A Professor of ancient history and classics at the University of Bordeaux from 1891, Jullian was awarded a chair at the Collège de France in 1905, where he taught national antiquities until 1930. He was made Grand Officier de la Légion d'Honneur in 1926, and was elected to the Académie française in 1924.

Jullian is the author of a monumental Histoire de la Gaule, published in eight volumes between 1907 and 1928, which has influenced Celtic studies throughout the 20th century.

Biography
Camille Louis Jullian was born on 15 March 1859 in Marseille, the son of Camille Jullian, a merchant and banker, and Marie Rouvière.
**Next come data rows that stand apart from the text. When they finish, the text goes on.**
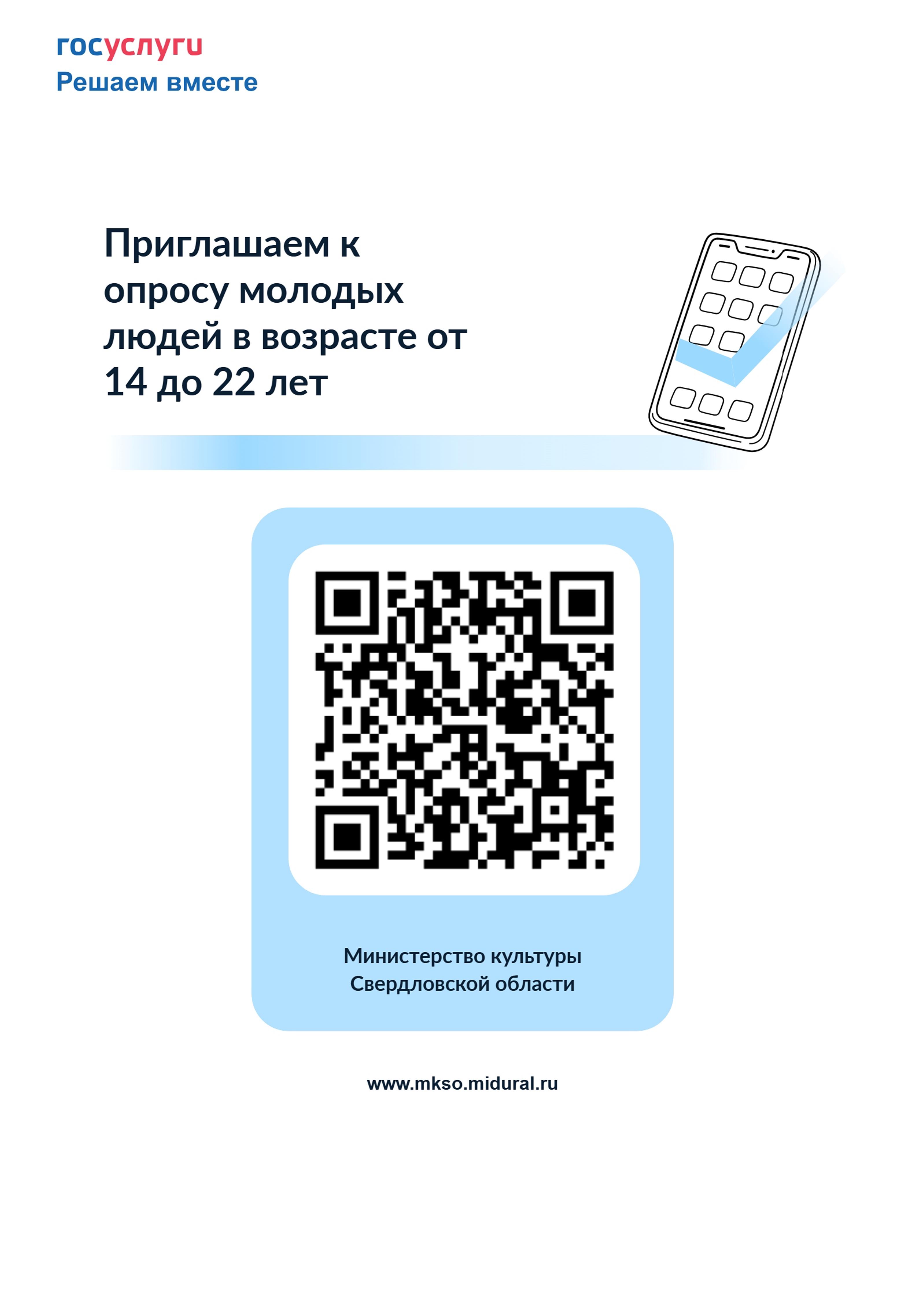 Опрос проводится на Платформе обратной связи в период с 1 по 31 октября 2025 года и доступен только жителям Свердловской области в возрасте от 14 до 22 лет после авторизации посредством подтвержденной учетной записи портала «Госуслуги».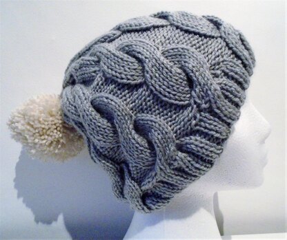 A very easy knitting pattern for an Aran Cable Pom Pom, Beanie Hat.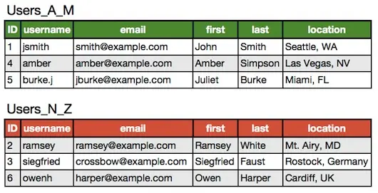 实际情况中往往会是垂直拆分和水平拆分的结合,即将Users_A_M和Users_N_Z再拆成Users和UserExtras,这样一共四张表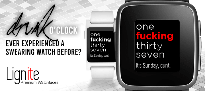 Celebrating ten years of Pebble being drunk: we rewrote Drunk O' Clock from the ground up! ๐ Add a little spice to your day with this classic watchface that swears at you! Customize each damn word. View the fucking weather. Look at your shit health stats. Colour it to be as dark as your soul. And more, all in the thing's settings, you ass. ๐ค If you like Drunk O' Clock, then give it a damn heart. ๐ค -- You'll get a trial, but really we just want your money. Buy the thing for US$1.99. It's just two dollars, what are you, a little bitch? We spent like hundreds of hours rebuilding all of our stuff from the ground up. Show a little gratitude and open your wallet, you prick.
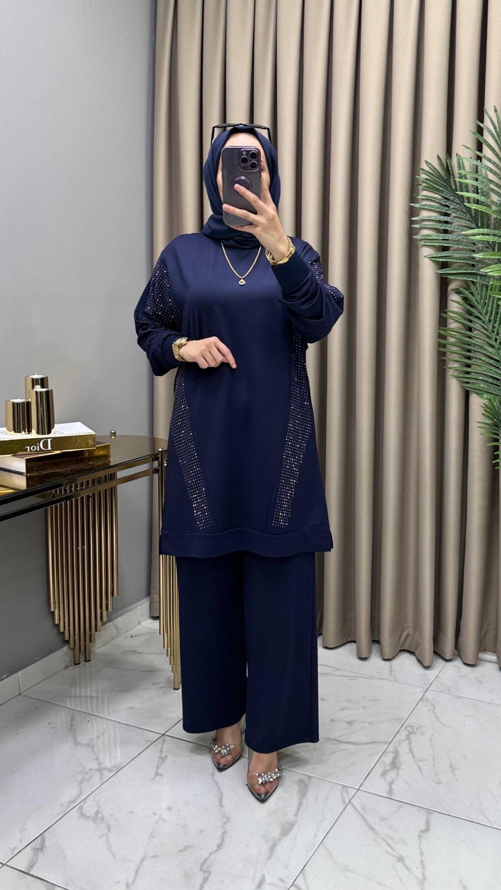 Hanımeli Taşlı Takım Lacivert

Jullian came from a Protestant family of farmers originally from Calvisson, Gard. He attended the lycée of Marseille between 1864 and 1877, then the École Normale Supérieure, where he earned an agrégation in history and geography in 1880. Jullian was a member of the École française de Rome between 1880 and 1882. He became Doctor in Literature in March 1884.
Jullian taught ancient history and classics at the University of Bordeaux between 1883 and 1905, becoming Professor in 1891, then was elected to the Collège de France in 1905, where he taught national antiquities until 1930. Jullian became a member of the Académie des Inscriptions et Belles-Lettres in 1908, was made Grand Officier de la Légion d'Honneur in 1926, and was elected to the Académie Française in 1924.Jullian was involved with the controversy over the archaeological findings at Glozel in France; he was among those who believed the artefacts recovered were forgeries.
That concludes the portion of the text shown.